在数据帧的选定列中包含NA(缺失)值的行的子集

时间:2020-12-07 01:37:59

We have a data frame from a CSV file. The data frame DF has columns that contain observed values and a column (VaR2) that contains the date at which a measurement has been taken. If the date was not recorded, the CSV file contains the value NA, for missing data.

我们有一个来自CSV文件的数据帧。数据帧DF有包含观测值和列(VaR2)的列,其中包含测量的日期。如果没有记录日期,CSV文件包含缺失数据的值NA。

Var1  Var2 
10   2010/01/01
20   NA
30   2010/03/01

We would like to use the subset command to define a new data frame new_DF such that it only contains rows that have an NA' value from the column (VaR2). In the example given, only Row 2 will be contained in the new DF.

我们希望使用子集命令来定义新的数据帧new_DF,以便它只包含列中具有NA'值的行(VaR2)。在给定的示例中,新DF中只包含第2行。

The command

命令

new_DF<-subset(DF,DF$Var2=="NA") 

does not work, the resulting data frame has no row entries.

不工作,结果数据帧没有行条目。

If in the original CSV file the Value NA are exchanged with NULL, the same command produces the desired result: new_DF<-subset(DF,DF$Var2=="NULL").

如果在原始的CSV文件中,值NA与NULL交换,该命令将生成所需的结果:new_DF<-子集(DF,DF$Var2= "NULL")。

How can I get this method working, if for the character string the value NA is provided in the original CSV file?

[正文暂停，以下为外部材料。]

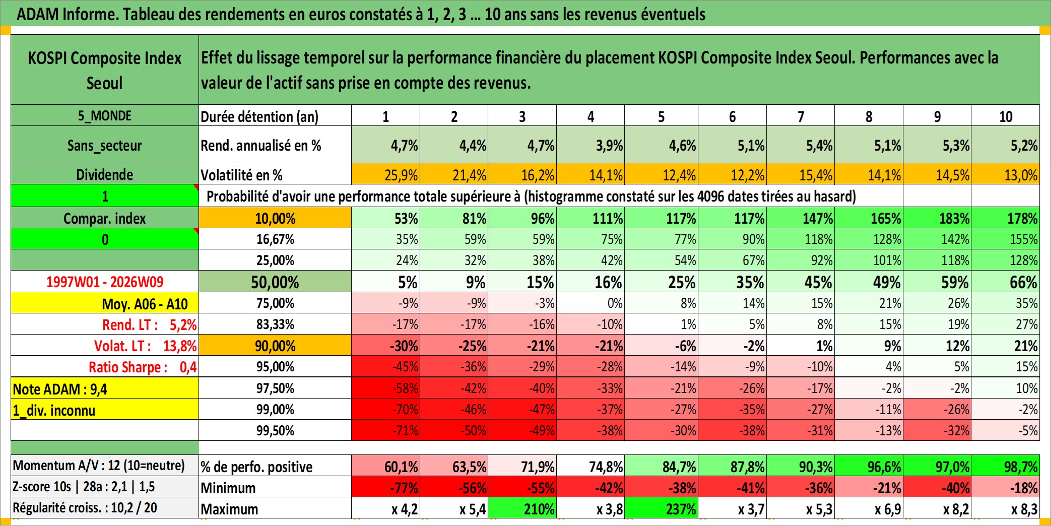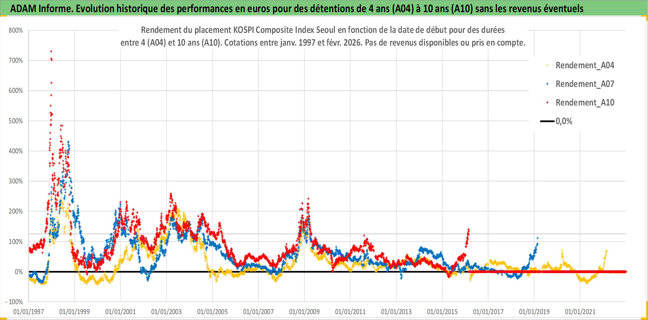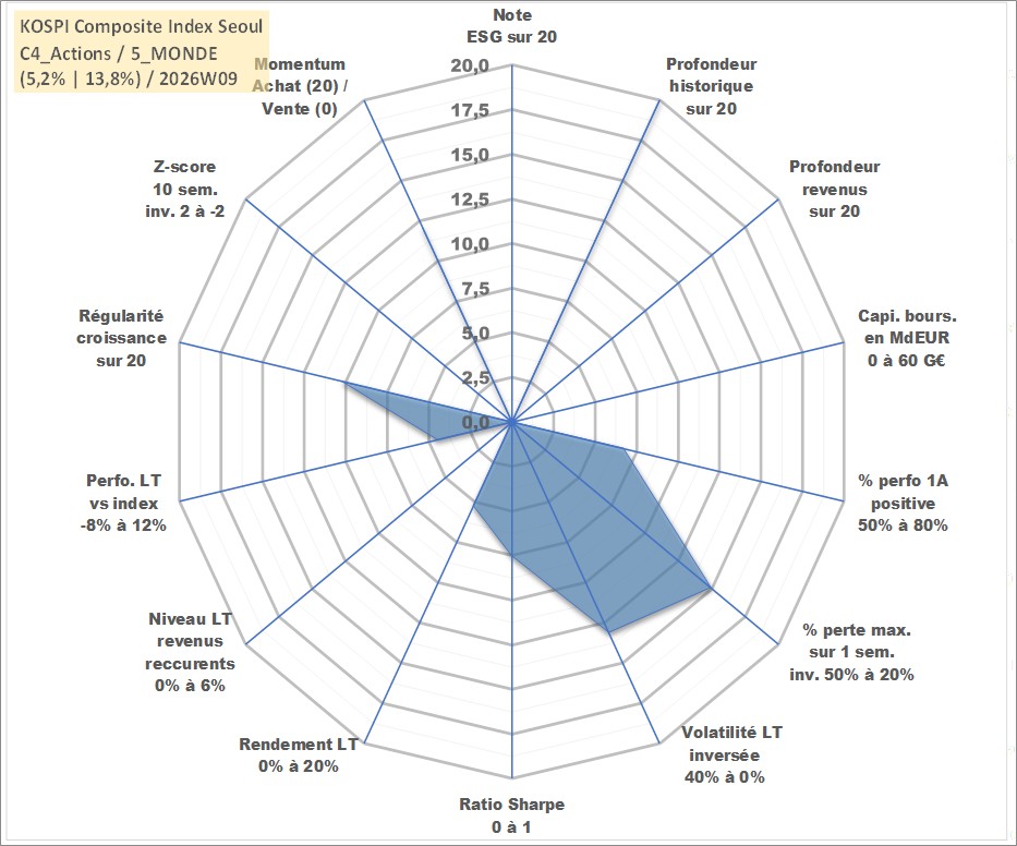 Site dédié aux investisseursPage dédiée sur site financeAnalyse des valorisations hebdomadaires de l'actif KOSPI Composite Index Seoul. Cet actif est cote en KRW. Les valorisations sont en contrevaleur EURO et couvrent les semaines 1997W01 a 2026W09. Les revenus de cet actif financier ne sont pas connus car non existants ou non disponibles sur le site Yahoo Finance. La note ESG de cet actif n'est pas connue.

如果在原始的CSV文件中提供了值NA,那么如何使该方法正常工作呢?

5 个解决方案

#1


105  

Never use =='NA' to test for missing values. Use is.na() instead. This should do it:

不要使用='NA'来测试缺少的值。使用is.na()。这应该这样做:

new_DF <- DF[rowSums(is.na(DF)) > 0,]

or in case you want to check a particular column, you can also use

或者,如果您想检查特定的列,也可以使用

new_DF <- DF[is.na(DF$Var),]

In case you have NA character values, first run

如果您有NA字符值,请首先运行

Df[Df=='NA'] <- NA

to replace them with missing values.

用丢失的值替换它们。

#2


36  

NA is a special value in R, do not mix up the NA value with the "NA" string. Depending on the way the data was imported, your "NA" and "NULL" cells may be of various type (the default behavior is to convert "NA" strings to NA values, and let "NULL" strings as is).

NA是R中的一个特殊值,不要将NA值与“NA”字符串混淆。根据导入数据的方式,您的“NA”和“NULL”单元格可能具有不同的类型(默认行为是将“NA”字符串转换为NA值,让“NULL”字符串保持原样)。

If using read.table() or read.csv(), you should consider the "na.strings" argument to do clean data import, and always work with real R NA values.

如果使用read.table()或read.csv(),应该考虑“na”。字符串”参数,用于执行干净的数据导入,并始终使用真实的R NA值。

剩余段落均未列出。